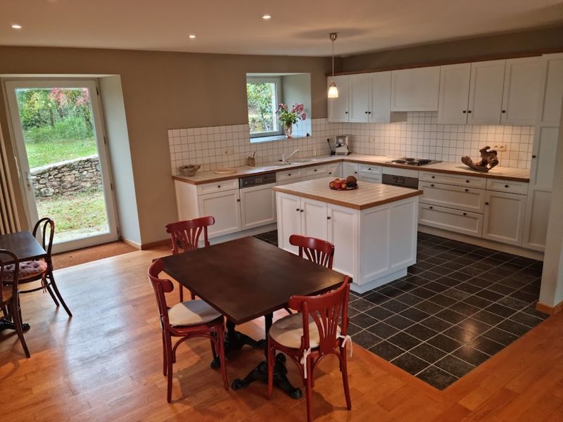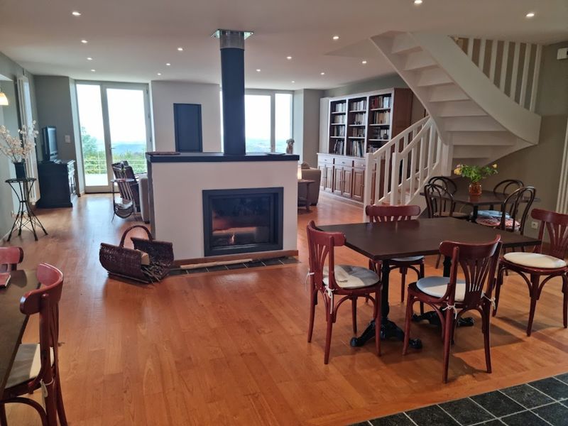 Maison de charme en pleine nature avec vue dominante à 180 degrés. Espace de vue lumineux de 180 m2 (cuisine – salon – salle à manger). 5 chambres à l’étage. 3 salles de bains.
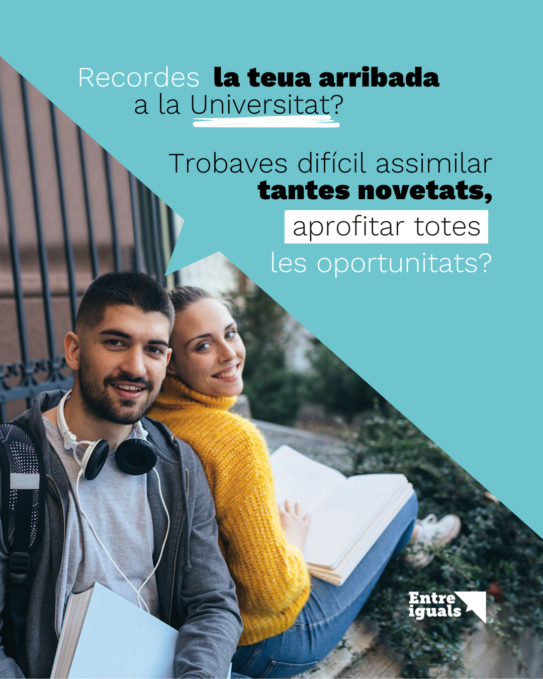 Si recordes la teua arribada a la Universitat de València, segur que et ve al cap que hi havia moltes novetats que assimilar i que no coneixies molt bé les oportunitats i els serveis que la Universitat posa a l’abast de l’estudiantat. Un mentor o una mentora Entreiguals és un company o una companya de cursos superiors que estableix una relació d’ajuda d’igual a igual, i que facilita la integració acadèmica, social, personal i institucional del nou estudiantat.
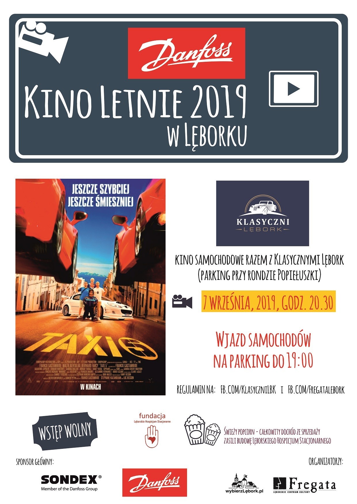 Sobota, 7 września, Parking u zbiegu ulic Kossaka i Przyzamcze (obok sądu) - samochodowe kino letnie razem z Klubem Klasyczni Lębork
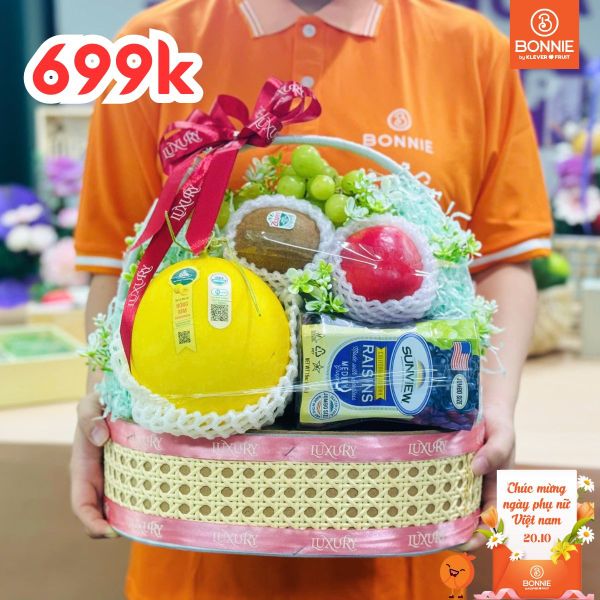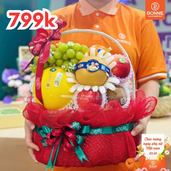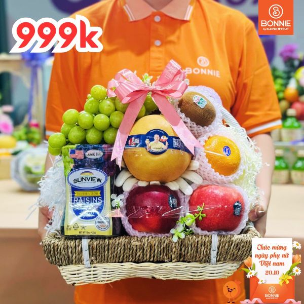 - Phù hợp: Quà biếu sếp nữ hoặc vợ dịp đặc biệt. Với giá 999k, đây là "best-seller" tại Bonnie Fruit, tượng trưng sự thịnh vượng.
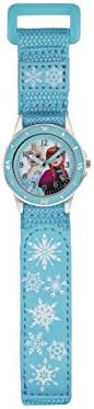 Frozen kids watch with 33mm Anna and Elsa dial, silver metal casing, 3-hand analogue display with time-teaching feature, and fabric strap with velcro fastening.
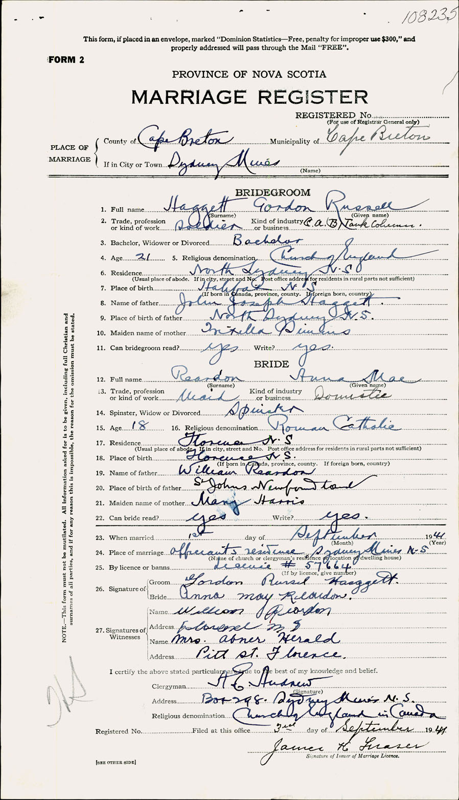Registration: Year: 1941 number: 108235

^^^^^^^^^^^^^^^^

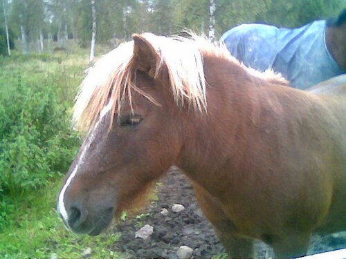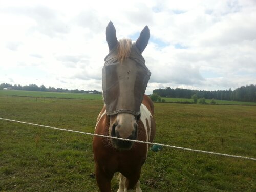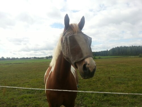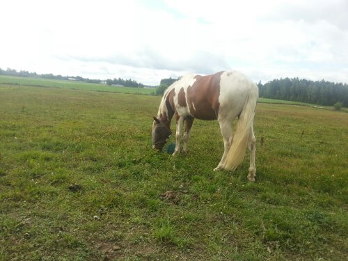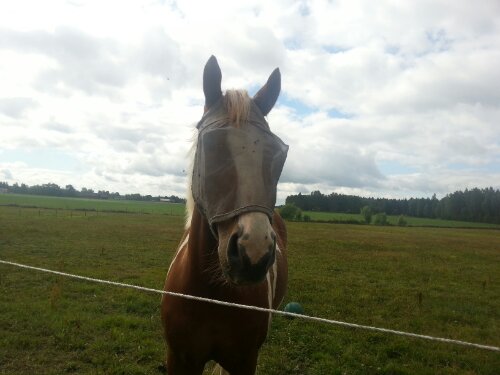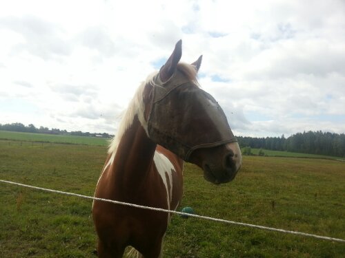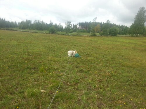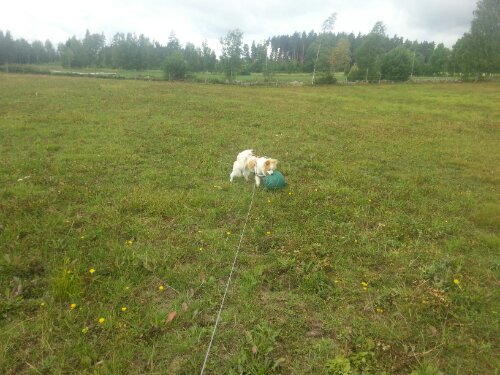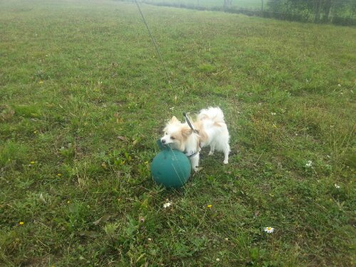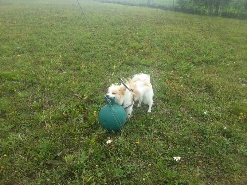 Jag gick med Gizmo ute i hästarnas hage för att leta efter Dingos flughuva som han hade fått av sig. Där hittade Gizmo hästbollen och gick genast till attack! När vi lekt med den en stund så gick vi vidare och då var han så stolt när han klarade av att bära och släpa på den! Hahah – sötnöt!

^^^^^^^^^^^^^^^^

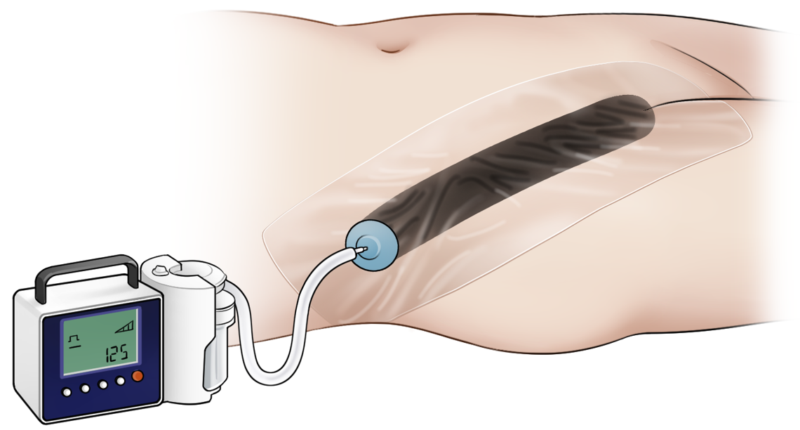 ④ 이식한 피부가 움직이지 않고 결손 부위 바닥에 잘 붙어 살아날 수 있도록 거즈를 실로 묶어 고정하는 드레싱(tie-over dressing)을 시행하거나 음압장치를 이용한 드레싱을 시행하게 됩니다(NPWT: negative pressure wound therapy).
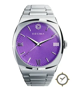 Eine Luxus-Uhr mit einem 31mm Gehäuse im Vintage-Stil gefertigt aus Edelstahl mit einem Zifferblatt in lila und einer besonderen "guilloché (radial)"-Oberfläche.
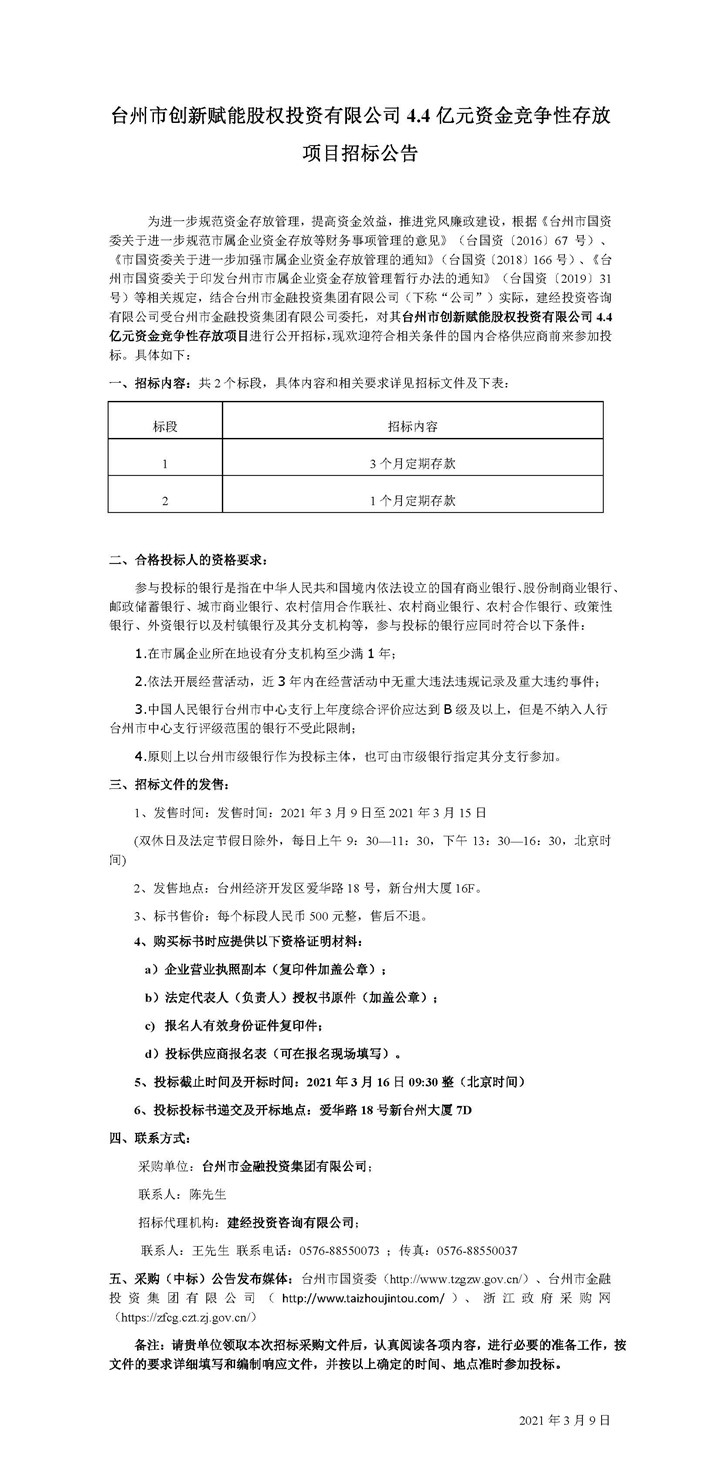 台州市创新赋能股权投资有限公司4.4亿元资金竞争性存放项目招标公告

^^^^^^^^^^^^^^^^

◆ **What you are asked to do**
Among the entries above, locate the line with "- Phù hợp: Quà" and the line with "Registration: Year: 1941 number: 108235". Give those two lines and all lines between them again, exactly, leaving out the pictures.

◆ **Solution to this problem**
 - Phù hợp: Quà biếu sếp nữ hoặc vợ dịp đặc biệt. Với giá 999k, đây là "best-seller" tại Bonnie Fruit, tượng trưng sự thịnh vượng.
 Frozen kids watch with 33mm Anna and Elsa dial, silver metal casing, 3-hand analogue display with time-teaching feature, and fabric strap with velcro fastening.
Registration: Year: 1941 number: 108235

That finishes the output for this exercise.